At 18k, mask on, exposed skin felt a little cool. It would have been clammy, but moisture evaporated quickly.

At 25k, no mask, first sign was tingling fingertips, bloaty feeling from gas expansion in my gut, and some dizziness. At minute 1, I was down to 71% and 116bpm. I did one crossword line, but was agitated and expectant. External observer recorded that I went from fairly pink to very pale.

At second minute, my eyes felt a little wattery and blurry, with some blotchy, almost scintilation to my vision. Tingling was gone or not noticeable. I was a little more dizzy, but could control it with proper breathing. I was tense, and couldn't do another crossword. I'm not good at crosswords, don't do them, and got lost. I didn't think to shift to the math problems. I was at 68%. Observer reported that my breathing rate increased.

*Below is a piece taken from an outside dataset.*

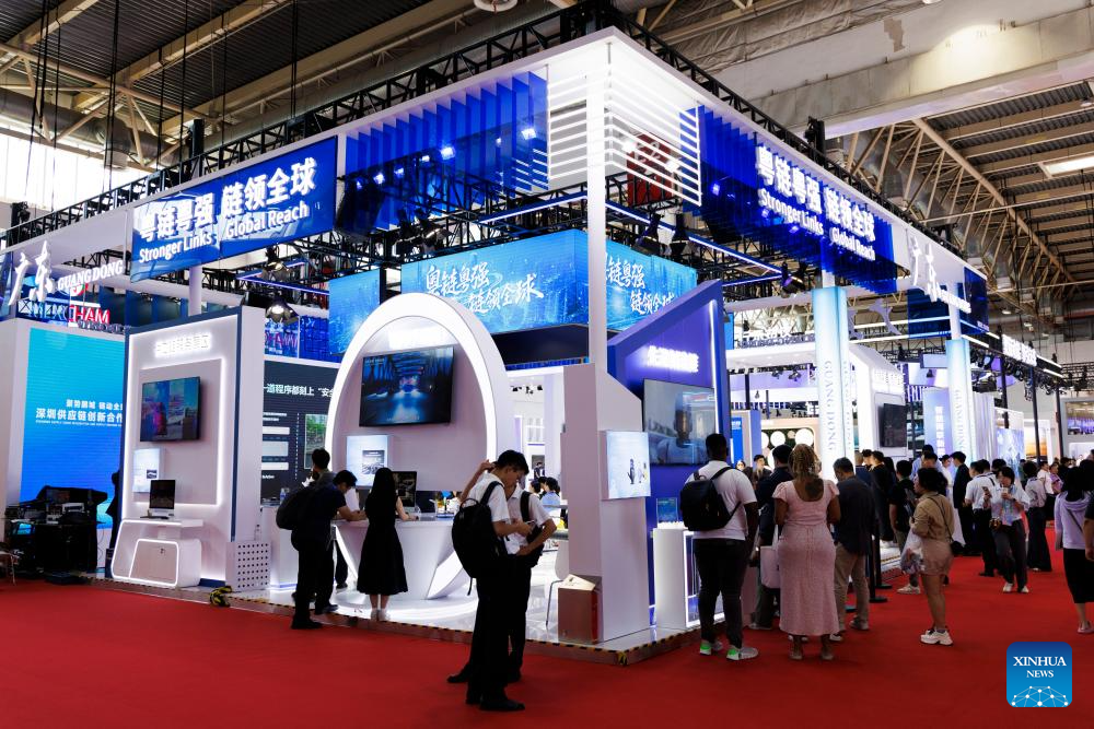 This photo taken on July 17, 2025 shows the pavilion of Guangdong Province during the third China International Supply Chain Expo (CISCE) in Beijing, capital of China.

At minute 3, I didn't/couldn't record my O2 saturation, and was confused. I picked up the mask, but wasn't sure if I should put it on. I could still process sensory input just fine, but complex tasks were out. Observer said my breathing was deeper.

At minute 4, or 4 seconds prior to it, I put on the mask. Dizziness went away within seconds, and I recorded 96% and 95bpm, though I wasn't with it enough to record O2 levels prior to putting on the mask.

I got confused about my times, because I initially started my tach, instead of stopwatch, and it was counting down from 7:35. Oops.

For the 18kft test, lights were dimmed. My bright light vision is 20/20, or thereabouts, though the font was too thick and the letters bled a bit. In the dim light, my vision was 20/50. Pulling off the mask for minor hypoxia (TUC is ~30m at 18kft unless you live in the mountains) lead to colors dimming a little in the first minute. Red/orange greying a little and closing in on similar color. Also, blue/green closed in on similar color. Some swimmies in the first 2 minutes, but adjusting breathing mostly fixed that. I didn't lose any text, and didn't lose 20/50 status after 4 mins. Handwriting was a little poor. Generally less details observed. Putting the mask on gave the color back within 30 seconds, reduced tension and heart-rate, and otherwise wasn't overly noticeable.

We were told to expect possible post-chamber ear blocks, and fatigue from negative nitrogen balance, which would lead to some toxins being released. This all seems to be true, but nothing major.